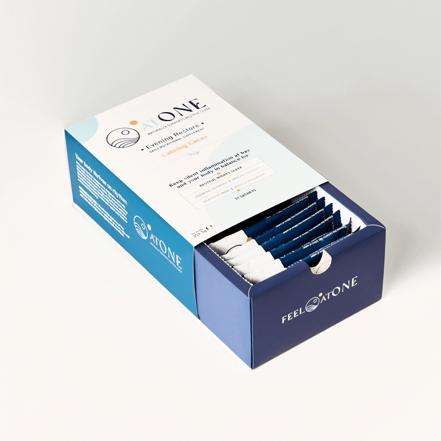 Evening Restore is a blend of 21 ingredients in an easy to use powder sachet with a natural calming cacao flavour. Each sachet helps calm the body and mind, promotes a deep restorative sleep, contributes to muscle recovery and repair, supports immune function, regulation of hormones, while balancing inflammation within the body as you sleep.
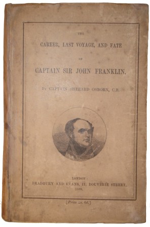 Osborn, Captain Sherard. The Career, Last Voyage, and Fate of Captain Sir John Franklin. London: Bradbury and Evans, 1860, 1st Edition. vi,(2),111,(1). Very good. 16 mo. (17.5 cm.) Original decorated and printed paper covered boards. Frontispiece. 7 full page illustrations. Portrait of Franklin on the title page and front board. 3 partial page maps in text and one full page map. Single partila page illustration on the last page. Boards are somewhat soiled and the spine has been renewed. The contents are generally very clean and free of foxing. Arctic Biblio. 12893 This very scarce, brief biography of Franklin details his career, last voyage and the search for him. Reprinted in the collected edition of Osborn's works but without title page and plates. See colour illustration.
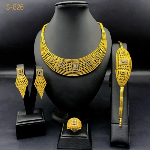 Statement Dubai 24k Gold Plated Indian Jewelry Set African Women’s Wedding Bridal Necklace Earrings Bracelet Ring
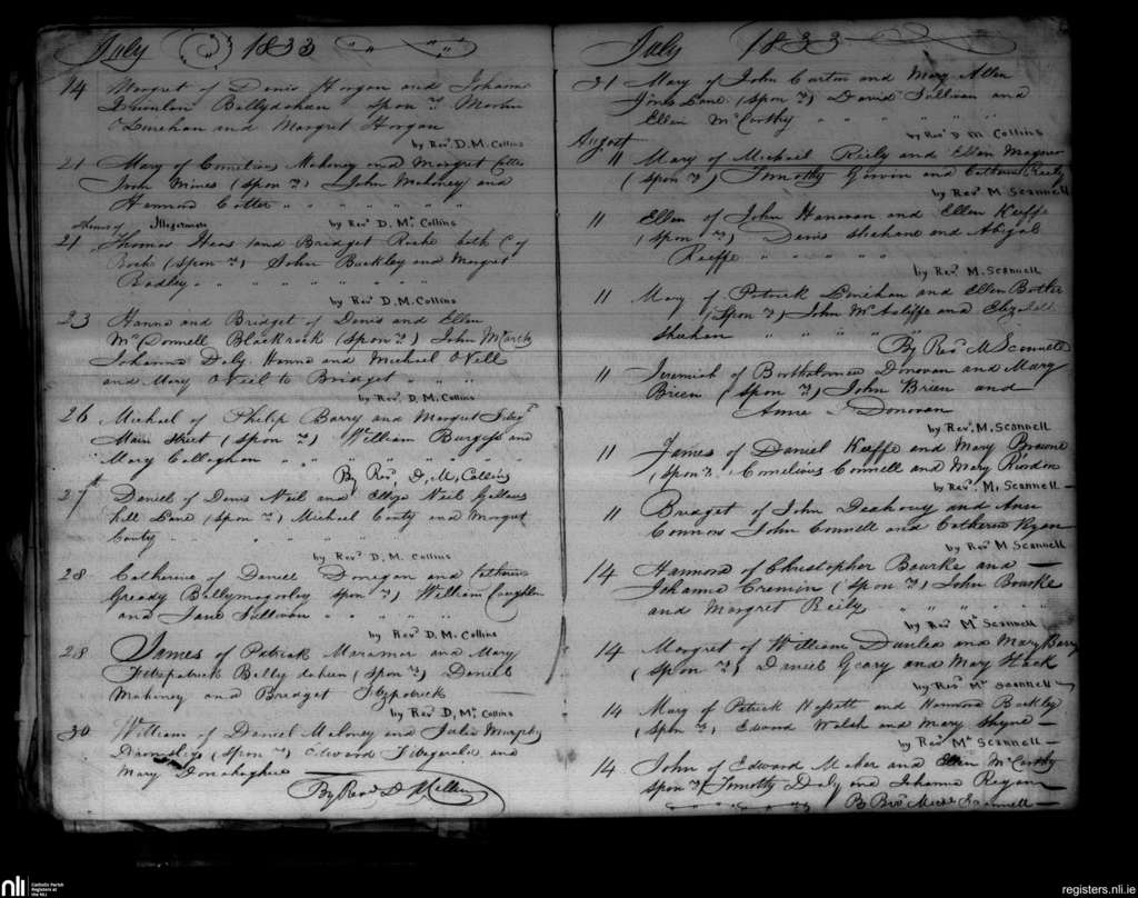 Mallow; County of Cork; Diocese of Cloyne. Baptisms, July 1833 to Aug. 1833

━━━

_What to do_:
Return to the listing above and set it down exactly, leaving out its pictures.

_Reply_:
 Evening Restore is a blend of 21 ingredients in an easy to use powder sachet with a natural calming cacao flavour. Each sachet helps calm the body and mind, promotes a deep restorative sleep, contributes to muscle recovery and repair, supports immune function, regulation of hormones, while balancing inflammation within the body as you sleep.
 Osborn, Captain Sherard. The Career, Last Voyage, and Fate of Captain Sir John Franklin. London: Bradbury and Evans, 1860, 1st Edition. vi,(2),111,(1). Very good. 16 mo. (17.5 cm.) Original decorated and printed paper covered boards. Frontispiece. 7 full page illustrations. Portrait of Franklin on the title page and front board. 3 partial page maps in text and one full page map. Single partila page illustration on the last page. Boards are somewhat soiled and the spine has been renewed. The contents are generally very clean and free of foxing. Arctic Biblio. 12893 This very scarce, brief biography of Franklin details his career, last voyage and the search for him. Reprinted in the collected edition of Osborn's works but without title page and plates. See colour illustration.
 Statement Dubai 24k Gold Plated Indian Jewelry Set African Women’s Wedding Bridal Necklace Earrings Bracelet Ring
 Mallow; County of Cork; Diocese of Cloyne. Baptisms, July 1833 to Aug. 1833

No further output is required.